Doch auch wenn Thomas der dreisteste Beschuldigte ist, sind fast alle Richter aus den letzten Jahrzehnten und der derzeitige Oberste Richter, John Roberts, selbst in unterschiedlichem Ausmaß in den Skandal verwickelt. So hat die Ehefrau des Obersten Richters, Jane Roberts, hunderttausende Dollar an angeblichen Anwaltshonoraren von einer der Anwaltskanzleien erhalten, die später einen Fall vor dem Gericht vertraten.

Die Urteile dieses korrupten Gerichts werden immer gesetzloser, reaktionärer und sind geprägt von tendenziösen und widersinnigen Argumentationen und von Doppelmoral.

Als der sozialistische Autoarbeiter Will Lehman im November 2022 versuchte, vor einem Bundesgericht gegen die Unterdrückung von Stimmen bei der Wahl des UAW-Vorsitzenden Klage einzureichen, wurde ihm erklärt, er könne keine Klage erheben, sondern müsse ein Verwaltungsverfahren durchlaufen. Doch wie das Urteil vom Donnerstag gezeigt hat, schreitet der Oberste Gerichtshof sofort ein, wenn ein Arbeitgeber dieses Verwaltungsverfahren umgehen will.
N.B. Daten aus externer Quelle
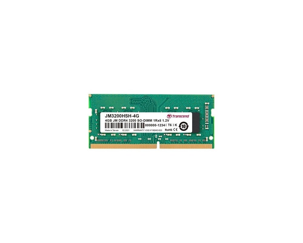 - Transcend 4GB JM DDR4 3200 SO-DIMM 1Rx8 512Mx8 CL22 1.2V (ID: 310080)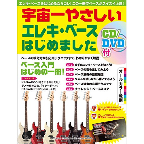 宇宙一やさしい エレキ・ベースはじめました(CD&DVD付)1 . ■コンテンツ/2 . 第1章 まずはエレキ・ベースを知ろう!/3 . 1、ベースの各部名称/4 . 2、ピックアップの種類/5 . 3、ネックのスケール/6 . 4、パッシブ・ベースとアクティブ・ベース/7 . 5、ベースの一般的なコントロール部/8 . 6、ベースの種類/9 . 7、ベースと一緒に用意しよう/10 . 8、正しい音にチューニングしよう/11 . 9、弦を交換しよう/12 . 第2章 ベースの音を出してみよう/13 . 10、ベースとアンプのつなぎ方/14 . 11、アンプのコントロール/15 . 12、ベースの構え方/16 . 13、楽譜の読み方/17 . 14、音符と知ろう/18 . 15、小節と拍子を知ろう/19 . 16、くり返し記号/20 . 第3章 ベース演奏の基礎知識/21 . 17、基本フォームを覚えよう/22 . 18、左手フォームを確かなものにするエクササイズ/23 . 19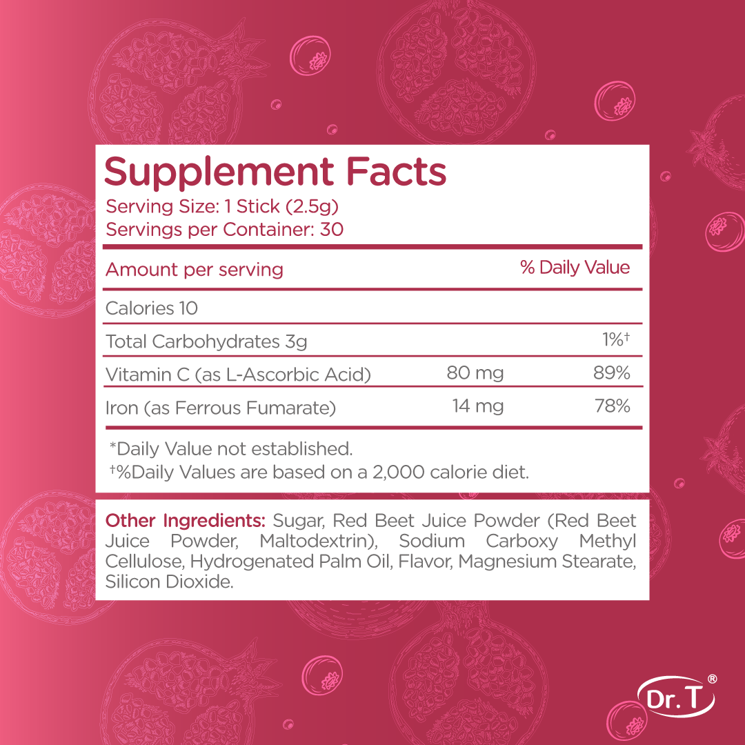 Quick-dissolving, no-water-needed iron powder to support energy, oxygen transport, and red blood cell production.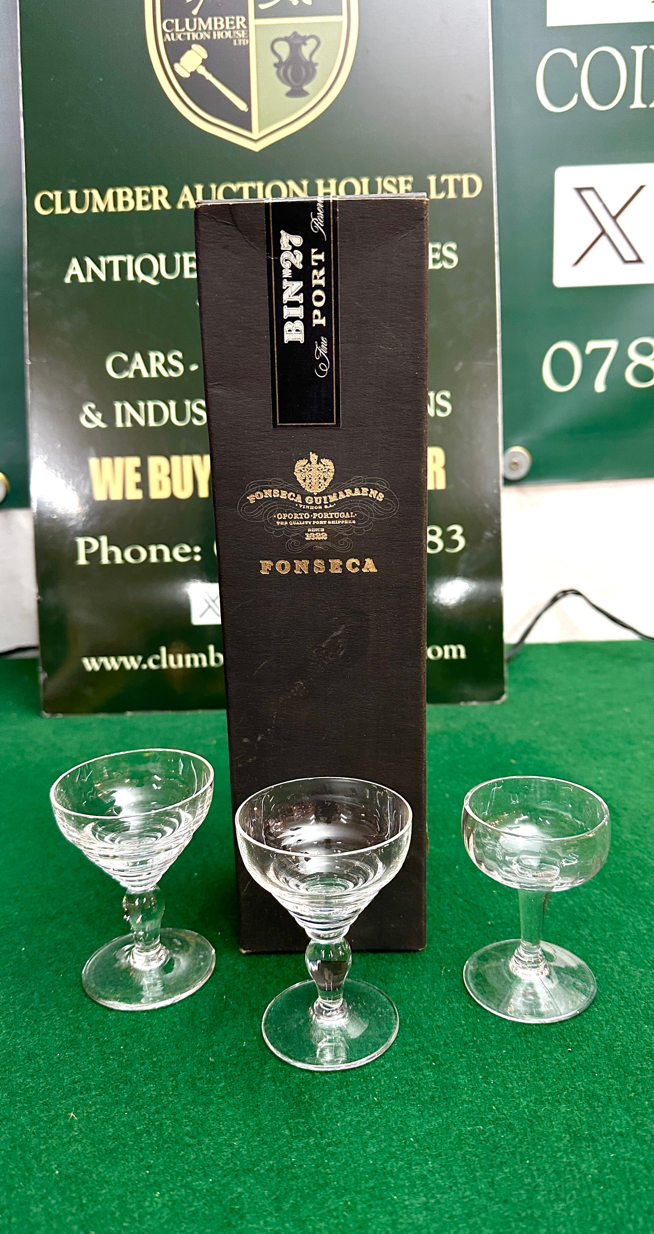 A presentation set comprising a tall, dark brown cardboard box for Fonseca BIN ’27 Fine Ruby Port, bearing the visible text “BIN ’27 Fine PORT Ruby,” “FONSECA GUIMARAENS,” “OPORTO PORTUGAL,” and “REG. TRADE MARK.” Accompanying the box are three small, clear glass stemmed glasses, consistent in style with traditional port or liqueur glasses.

In diesem Fall biegt der Oberste Gerichtshof das Gesetz in die entsprechende Richtung, um ein Ergebnis zugunsten des Managements zu erhalten.
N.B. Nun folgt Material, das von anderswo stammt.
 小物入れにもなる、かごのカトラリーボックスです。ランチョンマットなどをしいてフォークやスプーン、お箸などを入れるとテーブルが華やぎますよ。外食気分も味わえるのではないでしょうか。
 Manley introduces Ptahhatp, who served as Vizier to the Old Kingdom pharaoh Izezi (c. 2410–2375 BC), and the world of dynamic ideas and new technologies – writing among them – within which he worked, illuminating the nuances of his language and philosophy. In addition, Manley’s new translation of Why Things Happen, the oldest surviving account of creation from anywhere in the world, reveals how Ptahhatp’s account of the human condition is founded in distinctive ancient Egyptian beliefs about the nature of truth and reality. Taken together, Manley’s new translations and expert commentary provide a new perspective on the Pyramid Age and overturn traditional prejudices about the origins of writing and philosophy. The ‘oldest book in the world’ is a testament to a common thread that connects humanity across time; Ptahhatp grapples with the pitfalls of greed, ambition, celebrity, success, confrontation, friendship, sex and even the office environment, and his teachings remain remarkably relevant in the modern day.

Die 8:1-Entscheidung des Obersten Gerichtshofs, die das Streikrecht untergräbt, folgt auf die Aktion im Herbst letzten Jahres, als Republikaner, Demokraten und die Biden-Regierung gemeinsam einen Streik der Eisenbahner verhindert haben. Die Entscheidung unterstreicht erneut, dass das gesamte politische Establishment – ungeachtet der Differenzen zwischen Demokraten und Republikanern über verschiedene politische Aspekte – einer Meinung ist, wenn es darum geht, jeden Versuch der Arbeiterklasse abzuwehren, die kapitalistische Gesellschaftsordnung herauszufordern.